Predicting patients’ likelihood of discharge from the hospital has proven to be a cost-saving measure for a major tertiary acute care hospital in South Australia. Lyell McEwin Hospital in Adelaide successfully implemented a machine learning algorithm called Adelaide Score in a recent trial, developed in collaboration with the University of Adelaide.
The AI model analyzes vital signs and laboratory test data to predict potential patient discharge within the next 12 and 24 hours, based on information collected from the past 48 hours through an EMR system.
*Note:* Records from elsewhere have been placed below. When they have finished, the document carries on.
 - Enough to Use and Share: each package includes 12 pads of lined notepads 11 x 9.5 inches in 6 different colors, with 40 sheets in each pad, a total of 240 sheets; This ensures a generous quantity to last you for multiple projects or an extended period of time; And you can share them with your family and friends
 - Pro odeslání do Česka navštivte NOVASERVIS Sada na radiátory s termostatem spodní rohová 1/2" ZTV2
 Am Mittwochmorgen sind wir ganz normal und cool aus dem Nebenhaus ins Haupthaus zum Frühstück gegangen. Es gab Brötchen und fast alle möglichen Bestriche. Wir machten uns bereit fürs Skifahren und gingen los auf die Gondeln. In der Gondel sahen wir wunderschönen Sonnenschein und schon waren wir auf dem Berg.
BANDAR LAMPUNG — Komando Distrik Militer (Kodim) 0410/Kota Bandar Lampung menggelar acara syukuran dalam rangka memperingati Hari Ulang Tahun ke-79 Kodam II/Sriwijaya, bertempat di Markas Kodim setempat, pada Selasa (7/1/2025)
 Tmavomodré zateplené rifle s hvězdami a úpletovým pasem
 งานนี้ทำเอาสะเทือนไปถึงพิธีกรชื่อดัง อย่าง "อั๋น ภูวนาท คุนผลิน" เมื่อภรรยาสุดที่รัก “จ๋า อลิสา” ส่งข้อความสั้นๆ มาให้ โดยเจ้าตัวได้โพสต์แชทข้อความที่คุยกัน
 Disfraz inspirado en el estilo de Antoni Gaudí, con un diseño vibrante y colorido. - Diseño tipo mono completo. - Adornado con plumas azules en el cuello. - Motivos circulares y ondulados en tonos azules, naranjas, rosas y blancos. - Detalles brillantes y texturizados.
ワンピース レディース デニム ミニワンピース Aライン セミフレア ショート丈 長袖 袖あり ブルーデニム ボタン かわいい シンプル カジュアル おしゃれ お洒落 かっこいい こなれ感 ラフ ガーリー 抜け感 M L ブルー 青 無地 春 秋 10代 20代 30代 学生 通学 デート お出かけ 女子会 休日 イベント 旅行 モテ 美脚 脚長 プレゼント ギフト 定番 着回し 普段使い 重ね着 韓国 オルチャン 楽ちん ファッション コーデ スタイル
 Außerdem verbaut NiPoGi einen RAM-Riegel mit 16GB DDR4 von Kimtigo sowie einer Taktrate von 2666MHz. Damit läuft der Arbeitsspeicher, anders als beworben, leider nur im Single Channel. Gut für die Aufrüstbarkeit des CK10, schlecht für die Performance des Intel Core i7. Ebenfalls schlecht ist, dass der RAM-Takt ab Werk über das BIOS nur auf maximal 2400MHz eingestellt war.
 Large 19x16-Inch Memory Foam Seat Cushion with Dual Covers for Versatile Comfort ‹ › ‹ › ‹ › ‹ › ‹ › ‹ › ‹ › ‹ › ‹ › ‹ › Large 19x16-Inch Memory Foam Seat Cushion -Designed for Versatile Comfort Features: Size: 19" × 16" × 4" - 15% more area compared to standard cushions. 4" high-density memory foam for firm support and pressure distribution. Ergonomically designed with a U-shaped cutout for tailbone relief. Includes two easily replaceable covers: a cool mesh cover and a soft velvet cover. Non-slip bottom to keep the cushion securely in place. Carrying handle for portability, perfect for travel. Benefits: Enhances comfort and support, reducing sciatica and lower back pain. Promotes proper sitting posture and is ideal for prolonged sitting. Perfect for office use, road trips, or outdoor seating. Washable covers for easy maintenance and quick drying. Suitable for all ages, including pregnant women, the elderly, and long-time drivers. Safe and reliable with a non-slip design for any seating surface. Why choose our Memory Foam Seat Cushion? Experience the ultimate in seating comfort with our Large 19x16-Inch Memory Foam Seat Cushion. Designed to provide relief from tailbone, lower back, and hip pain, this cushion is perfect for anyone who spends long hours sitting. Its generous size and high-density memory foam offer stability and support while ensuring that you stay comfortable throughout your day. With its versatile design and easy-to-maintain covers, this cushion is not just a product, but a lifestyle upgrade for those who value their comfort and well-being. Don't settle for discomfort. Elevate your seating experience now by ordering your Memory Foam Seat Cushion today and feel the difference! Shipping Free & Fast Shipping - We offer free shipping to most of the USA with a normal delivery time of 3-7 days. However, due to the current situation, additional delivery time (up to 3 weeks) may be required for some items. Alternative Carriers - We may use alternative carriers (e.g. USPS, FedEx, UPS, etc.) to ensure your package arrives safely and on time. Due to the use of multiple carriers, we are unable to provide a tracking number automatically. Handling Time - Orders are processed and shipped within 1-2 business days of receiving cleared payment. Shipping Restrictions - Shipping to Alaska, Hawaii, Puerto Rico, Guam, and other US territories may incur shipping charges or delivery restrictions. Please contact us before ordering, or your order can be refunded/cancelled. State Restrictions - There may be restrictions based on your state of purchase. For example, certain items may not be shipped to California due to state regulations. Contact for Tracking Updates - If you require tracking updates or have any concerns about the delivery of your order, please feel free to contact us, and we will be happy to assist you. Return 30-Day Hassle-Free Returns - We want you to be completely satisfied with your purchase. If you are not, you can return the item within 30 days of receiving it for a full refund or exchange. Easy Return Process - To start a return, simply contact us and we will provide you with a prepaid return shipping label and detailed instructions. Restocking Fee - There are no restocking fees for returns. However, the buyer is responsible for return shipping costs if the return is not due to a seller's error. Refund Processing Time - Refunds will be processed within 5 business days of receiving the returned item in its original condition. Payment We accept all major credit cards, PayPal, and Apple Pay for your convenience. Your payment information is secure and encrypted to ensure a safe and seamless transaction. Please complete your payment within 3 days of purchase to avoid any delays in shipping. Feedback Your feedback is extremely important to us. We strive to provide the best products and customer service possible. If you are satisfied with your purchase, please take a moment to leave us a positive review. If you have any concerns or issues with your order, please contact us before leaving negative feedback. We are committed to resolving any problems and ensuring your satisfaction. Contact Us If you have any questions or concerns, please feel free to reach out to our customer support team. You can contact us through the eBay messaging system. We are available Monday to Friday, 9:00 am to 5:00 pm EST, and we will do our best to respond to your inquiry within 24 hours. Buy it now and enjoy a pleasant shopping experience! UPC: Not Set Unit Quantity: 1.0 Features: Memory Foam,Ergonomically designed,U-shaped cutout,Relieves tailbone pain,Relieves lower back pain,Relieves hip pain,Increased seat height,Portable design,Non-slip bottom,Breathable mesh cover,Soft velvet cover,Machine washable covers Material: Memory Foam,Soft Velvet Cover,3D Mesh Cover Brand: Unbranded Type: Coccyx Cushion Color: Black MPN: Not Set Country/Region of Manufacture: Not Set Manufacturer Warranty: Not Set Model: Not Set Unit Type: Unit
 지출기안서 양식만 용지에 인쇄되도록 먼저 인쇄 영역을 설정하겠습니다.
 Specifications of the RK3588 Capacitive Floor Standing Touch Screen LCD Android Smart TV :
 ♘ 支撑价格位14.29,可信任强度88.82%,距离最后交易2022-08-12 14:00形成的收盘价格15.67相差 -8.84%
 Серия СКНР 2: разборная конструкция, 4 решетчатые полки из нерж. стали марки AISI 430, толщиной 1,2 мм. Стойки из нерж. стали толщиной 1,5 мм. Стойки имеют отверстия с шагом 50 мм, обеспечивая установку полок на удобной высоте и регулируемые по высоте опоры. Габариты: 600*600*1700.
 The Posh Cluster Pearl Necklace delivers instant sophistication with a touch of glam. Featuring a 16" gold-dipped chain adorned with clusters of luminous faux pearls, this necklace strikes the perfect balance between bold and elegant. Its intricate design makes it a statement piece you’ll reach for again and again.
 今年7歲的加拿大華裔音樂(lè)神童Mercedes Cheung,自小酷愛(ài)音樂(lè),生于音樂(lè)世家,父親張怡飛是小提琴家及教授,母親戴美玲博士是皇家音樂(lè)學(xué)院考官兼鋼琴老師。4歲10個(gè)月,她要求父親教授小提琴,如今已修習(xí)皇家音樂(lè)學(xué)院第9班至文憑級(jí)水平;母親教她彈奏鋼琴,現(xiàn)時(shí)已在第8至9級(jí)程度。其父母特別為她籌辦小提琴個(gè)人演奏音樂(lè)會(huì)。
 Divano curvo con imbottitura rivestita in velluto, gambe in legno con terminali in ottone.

During a 28-day trial last year, the system was used to evaluate electronic records of inpatients across 18 surgical and medical teams, screening and ranking patients who were likely due for discharge.
The results of the trial were promising, with a 5% seven-day patient readmission rate, lower than the previous year’s 7.1%, and a median stay of 2.9 days, down from 3.1 days. This reduction in patient admissions saved the hospital approximately A$735,708, demonstrating the potential cost-saving benefits of utilizing AI in healthcare.
Dr. Joshua Kovoor, the study’s first author, highlighted the importance of the Adelaide Score in addressing ambulance ramping issues in South Australia. By streamlining the discharge process and identifying patients ready for discharge, the AI model aims to alleviate congestion in emergency departments and reduce unnecessary hospital stays and readmissions, ultimately leading to cost savings.
The Adelaide Score’s success at Lyell McEwin Hospital has sparked interest in potential implementation across eastern states of Australia and collaborative opportunities abroad. Dr. Stephen Bacchi, the senior author of the study, mentioned ongoing discussions with key stakeholders regarding future expansion of the AI model.
In addition to AI integration, the South Australian government has also embraced telehealth and virtual care models to improve healthcare accessibility and address system congestion. Initiatives such as free telehealth services for adults, children, and seniors, as well as a 24/7 remote health monitoring service for remote and rural communities, have been trialed and implemented to enhance healthcare delivery in the region.
The successful application of AI and telehealth technologies in South Australia reflects a broader trend towards innovative healthcare solutions that prioritize efficiency, cost-effectiveness, and patient-centered care. As the healthcare landscape continues to evolve, leveraging cutting-edge technologies like AI and telehealth will be essential in optimizing healthcare delivery and improving patient outcomes.